Ban TikTok? How would it be done?

Well of course the United States is technologically capable of implementing a censorship framework on the Internet. If Communist China can, we certainly would be able to.

But that is exactly the point: we can’t, not because of a shortfall of technical knowlege, but because we’re the United States of America. We don’t do that kind of shit. And when we do, we eventually come to our senses. And we certainly don’t shit on the Bill of Rights because Millennials like a Chinese media company “too much”.

and we’re back to implementing a Great Firewall of China, US Version.

An authoritarian state could definitely do this. (And I’m going to use the circular definition that any state that does do it is authoritarian.)

There is one very important thing they can’t do as well as a website: collect data. The browser won’t give them the permissions or access that a proper app would. That’s why mobile websites push you to use their apps.

Also, it’s easier to block ads in a browser. So basically everything they monetize is harder to use in a browser.

The OP was asking about the technological possibility (which you disputed in an earlier post), not the political wisdom or constitutionality of a ban.

That is not how I read the OP. I read it as them asking how the current law will* be implemented. I do not think they are planning to use the Great Firewall method.

*If Bytedance were to avoid selling TikTok.

Well, the OP’s hypothetical is misplaced, since no network provider is going to implement any such system without being compelled to, and such compulsion is patently illegal.

The technology boils down to this:

  • Remove apps from all application stores
  • Find all domain names used for the service and redirect them to a blackhole address, like the FBI does for seized websites
  • Reverse engineer all IP addresses used for the service and firewall them at every network provider to drop all traffic to or from them
  • Repeat ad infinitum since these are all moving targets.

That’s in appropriate order of difficulty, which corresponds roughly to how concentrated the function is. There are only a couple of app stores, but dozens of domain name service providers and hundreds of network operators.

It’s working well in financial services: People on sanctions lists find it difficult to get financial services - not because there’s some centralised enforcement mechanism, but because a public list of sanctioned companies and individuals exists, together with the threat to fine the heck out of a bank or other financial entity that refuses to comply. The implementation works at the bank level, not the level of some central government agency. In effect, legislators are outsourcing the implementation of the sanctions to private companies. They complain, of course, but they comply. Circumvention is not impossible, but sufficiently difficult to make the sanctions sufficiently effective for their purpose.

Banking may be literally the single most regulated international industry in the world. The Internet is virtually completely unregulated.

You handwave the difference away.

But if you could wave a magic wand and instantaneously create the regulatory agencies, the sizable volume of banking legislation, huge amounts of rulemaking, and whole industries involved with regulatory compliance and enforcement… then yes, it’s easy.

Back to the OP’s point… it’s not rocket surgery. At the individual network level, administrators do this kind of thing all the time, which is why an employee often can’t get away with surfing porn on a company computer or network. It’s a similar kind of problem.

Just removing it from the default app stores would be sufficient to kill it off. The purpose of tiktok is to collect views and likes. Once sufficient people have stopped using it for various reasons (app updates, new phones), the content providers will stop posting because of insufficient attention and the death spiral will only steepen. Sure there will be a pool of rebel users that will take steps to keep using the app, but entropy always wins in the end.

Is that true if the US is the only country (or one of only a few) to ban it? Internationally it still might be used heavily, and there are plenty of Americans who would want to check out what they’re doing.

I wonder how much ByteDance makes from advertising by US based companies.
I’ve never used TikToc, so have no idea how the monetisation works.
But legislating to stop advertising on the platform would hurt.
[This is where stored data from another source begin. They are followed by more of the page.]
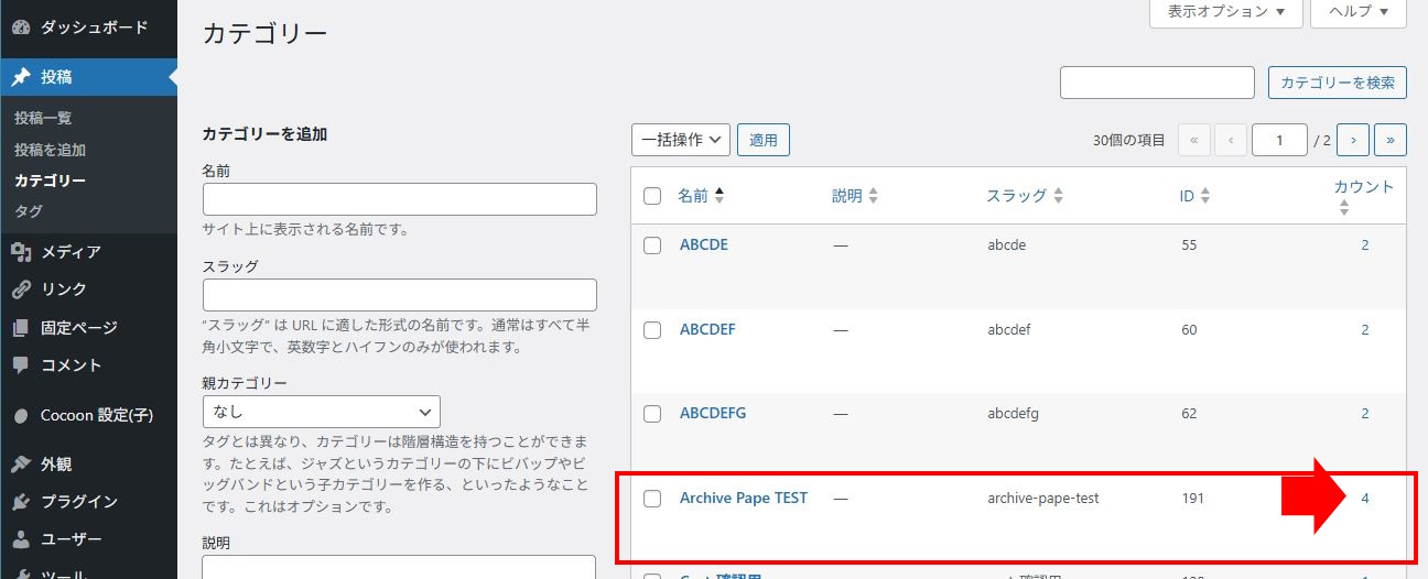 その場合のカテゴリーアーカイブページですが、以下のような表示です。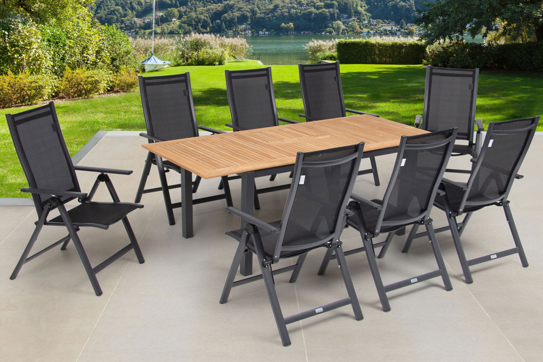 OUTFLEXX Garten-Essgruppe, OUTFLEXX® anthrazit matt, Alu / Teak / Textil, Ausziehtisch 150/210 x 90 cm, 8 Klappstühle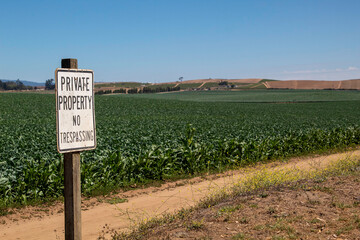 Private Property sign seen attached to a farm gate, warning members of the public not to enter the meadow as cattle roam free.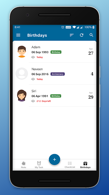 - L'application Notify Me récupère tous les événements d'anniversaire enregistrés dans le contact du téléphone et les rappelle via une notification.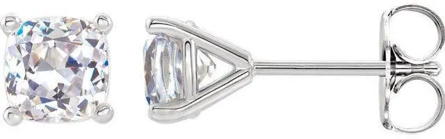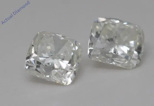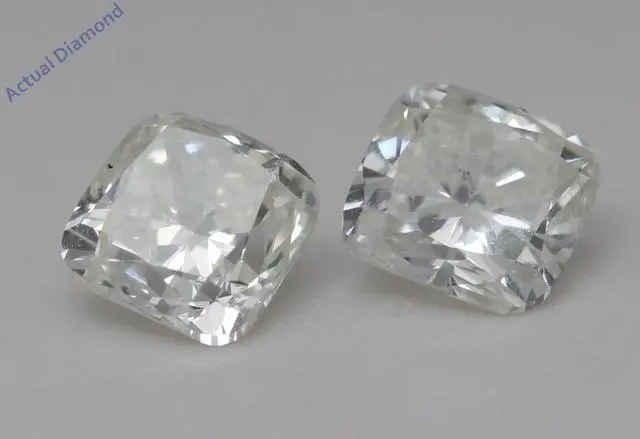 This pair of natural earth mined Cushion shaped Diamond stud earrings is a must-have gift. The pair of Diamonds has a combined carat weight of 1.83. The color of the Diamonds in these studs are J-k and the clarity is SI1. The measurements of the pair are: 5.26 x 5.50.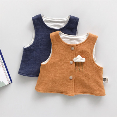 Áo vest cho bé mùa xuân và mùa thu nam nữ bé sơ sinh đôi áo vest cardigan sơ mi hoạt hình nút mùa thu 01 tuổi - Áo ghi lê áo phao trẻ em Áo ghi lê

So not just advertising revenue dropping as US users fall away, but maybe a generally significant source of global advertising.
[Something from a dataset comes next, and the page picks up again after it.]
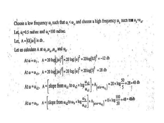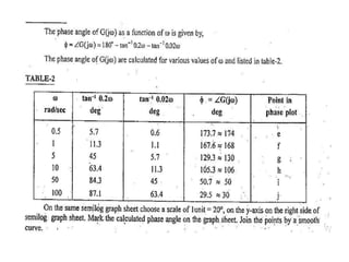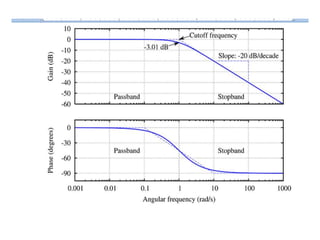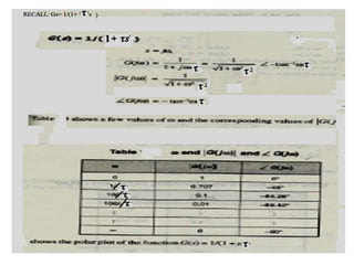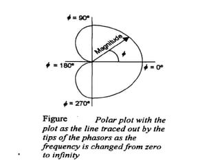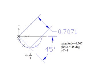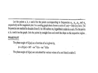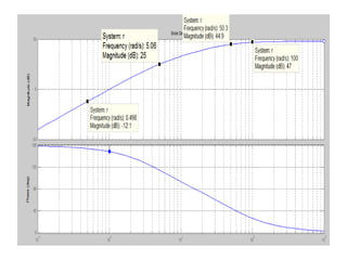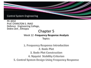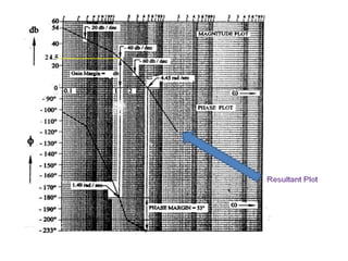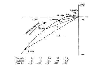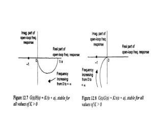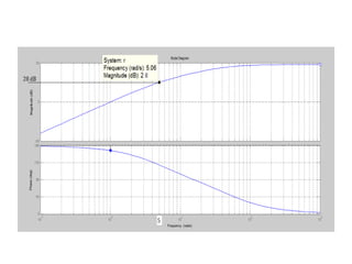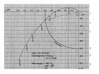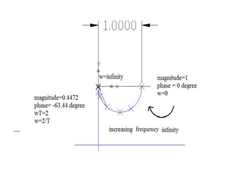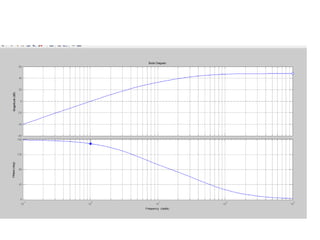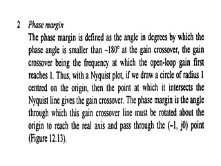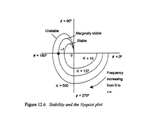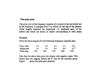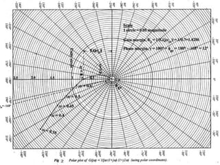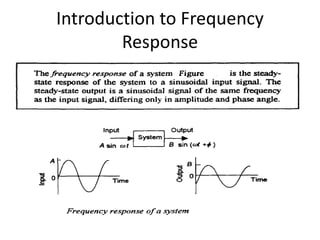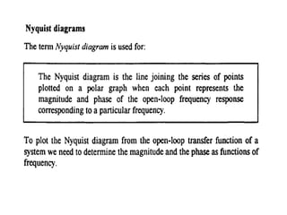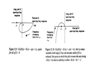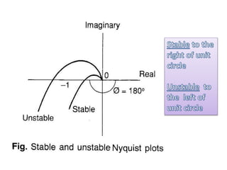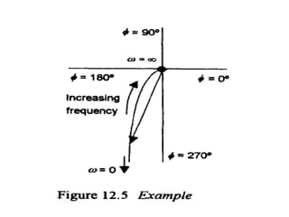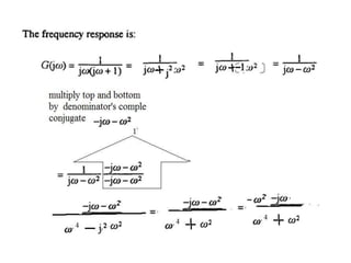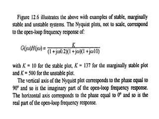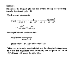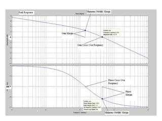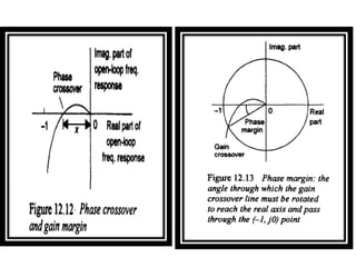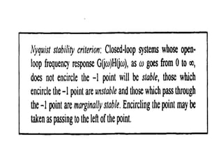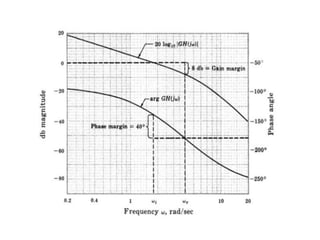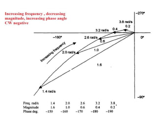 This document discusses frequency response analysis and Nyquist stability criterion. It begins with introductions to frequency, amplitude, phase, and Bode plots. A Bode plot shows the magnitude and phase of a system's frequency response on logarithmic scales. Key points include the gain and phase crossover frequencies. The document then covers Nyquist plots, which show the system's frequency response in the complex plane. The Nyquist stability criterion uses Nyquist plots to determine stability by examining where the plot intersects the real axis. Gain and phase margins are stability metrics calculated from the frequency response. MATLAB is demonstrated for constructing Bode and Nyquist plots. Homework involves populating tables of frequency response data and making plots.

A key set of users outside of China are ex-pat Chinese, who still want a tie back to their motherland. Even those who have no intention of returning to live. They are one group that is likely to be quite interested in a VPN or other workaround.

That sounded more US-centric than intended. It would have been more accurate to say that removing it from the US stores would effectively kill it in the US.
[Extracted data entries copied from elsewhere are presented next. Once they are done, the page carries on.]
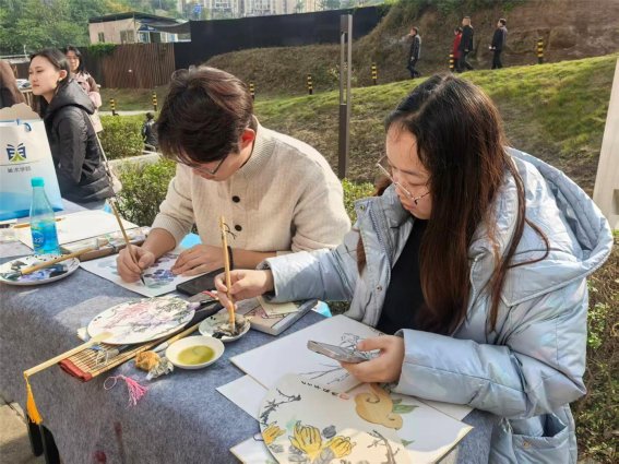 活动现场,居民们参观了精美的画展,还在美术学院师生的引导下,积极参与宫扇绘制、卡纸国画创作、书法体验等艺术活动。一位携带孩子前来观展的居民表示:“在社区不仅能欣赏到高校的专业艺术作品,还能亲自体验创作过程,我觉得很有意义。”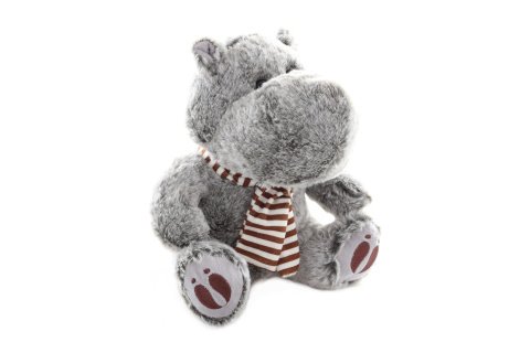 Plyšový hroch o rozměrech 19x25x16 cm.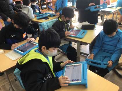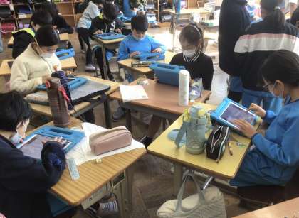 「調べたことをほうこくしよう」では、班ごとにFormsを使ってアンケートを作成し、クラスのTeamsを使ってアンケートを送信しています。送信が終わった班から、送られてきたアンケートに答えています。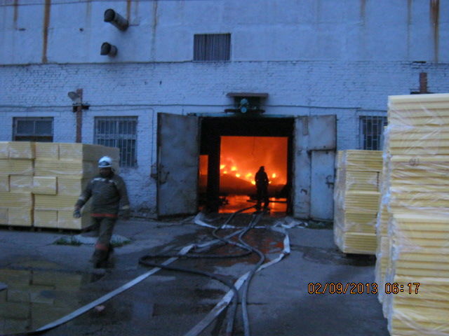 Когда приехали пожарные, уже частично обрушилось 500 "квадратов" кровли здания. Площадь пожара составила 1100 квадратных метров, повреждено 30 тонн полимерной ленты на вспененной основе.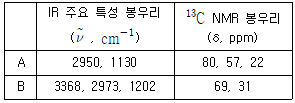 [자연과학개론] 표는 화학식이 C4H10O인 두 이성질체 A와 B의 적외선(IR)과 13C 핵자기 공명(NMR) 분광학 자료이다.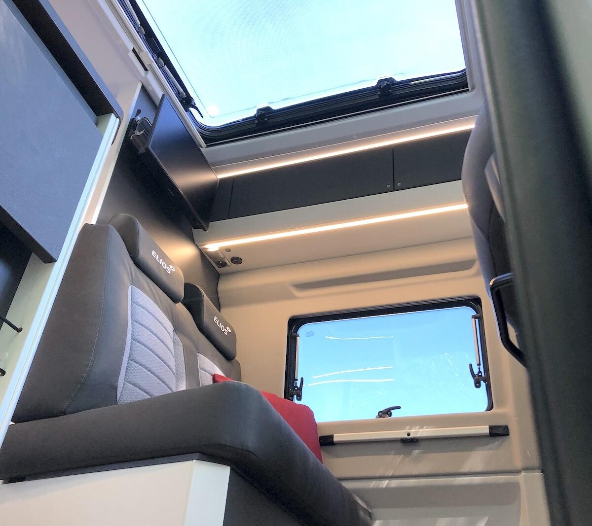 Alors qu’il est désormais un équipement relativement courant sur nos voitures, le toit panoramique était jusque-là absent du segment du fourgon aménagé. Enfin, pas totalement, puisque – vous le savez – nombre de fourgons adoptent déjà un toit vitré en cabine. Mais pour 2023, Elios va plus loin et se rapproche des standards automobiles, en prolongeant ce « skyroof » d’un maxi lanterneau surplombant le salon. La prouesse est d’abord technique. Car à l’inverse du lanterneau d’origine (90 x 60 cm) qui coiffe le salon, ce toit dôme optionnel affiche des côtes hors-norme de 110 x 85 cm. Ce qui implique une découpe du toit bien plus importante que la trémie d’un toit relevable. Une découpe qui touche aux traverses structurelles de la carrosserie, mais « le cadre du Sunroof XL est conçu pour prendre le relais« , précise Elios.

Tiktok has millions of users outside the US even though the US has more than any other individual country, it still has less that 20% of the global user base.

Oberlo Statistics

Yes, but if the top content creators are overrepresented in the US (and your link implies that many of the top followed posters are in the US, but it doesn’t give details) that could still cause big problems for TikTok.

Presumably all that existing content doesn’t vanish. TikTok can still store/host those US-creator-made videos, and keep serving them up essentially forever. A tweak to the algorithm to reprioritize things it didn’t previously show for whatever reason, and it will feel like new content to the idle scroller. It’s notable that TikTok already makes it nearly impossible for the viewer to determine when a video was posted, so as long as there isn’t anything specific to date the content (“so sad to hear Betty White died last night!”) the user will be none the wiser.